Un indicateur de vulnérabilité en hausse
L'intensité commerciale (part du commerce extérieur dans la production intérieure apparente) est passée de 29,0 % à 54,2 % (+86,6 %). Ce quasi-doublement signifie que le marché européen est de plus en plus dépendant du commerce international, tant pour ses approvisionnements que pour ses débouchés. La propension à exporter a également progressé (de 21,5 % à 29,8 %), mais dans une moindre mesure, confirmant que la hausse de l'intensité commerciale est principalement tirée par les importations.
Conclusion
Le marché européen des appareils sanitaires en céramique (CN 6910) a connu une transformation structurelle majeure entre 2015 et 2025. L'UE est passée d'une position d'exportateur net (excédent de 118 M€) à une situation de déficit commercial prononcé (−367 M€), conséquence d'un double mouvement : l'effondrement de la production locale (−55 % en volume) et la forte montée en puissance des importations (+88 % en volume).
La Chine est le principal bénéficiaire de cette restructuration, captant plus de la moitié des importations européennes avec une progression de 189 % en valeur. Parallèlement, les exportations européennes se sont repositionnées vers le haut de gamme, avec des prix moyens à l'exportation près de trois fois supérieurs aux prix d'importation. L'Allemagne a consolidé sa position de premier exportateur, tandis que l'Italie et l'Espagne ont vu leurs positions fortement érodées.
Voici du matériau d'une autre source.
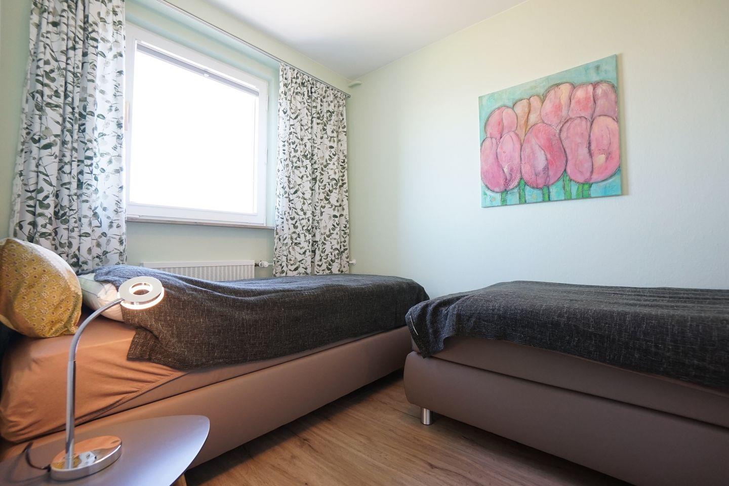 Die zwei Schlafzimmer sind mit einem Doppelbett bzw. zwei Einzelbetten ausgestattet.

L'augmentation de l'intensité commerciale (de 29 % à 54 %) et la concentration croissante des importations (HHI +32 %) constituent des facteurs de vulnérabilité pour l'industrie européenne, d'autant que l'impact des sanctions contre la Russie a privé les exportateurs d'un marché historique important. L'enjeu pour la prochaine décennie sera de maintenir l'avantage compétitif européen sur les segments premium tout en maîtrisant la dépendance aux approvisionnements extérieurs pour le volume.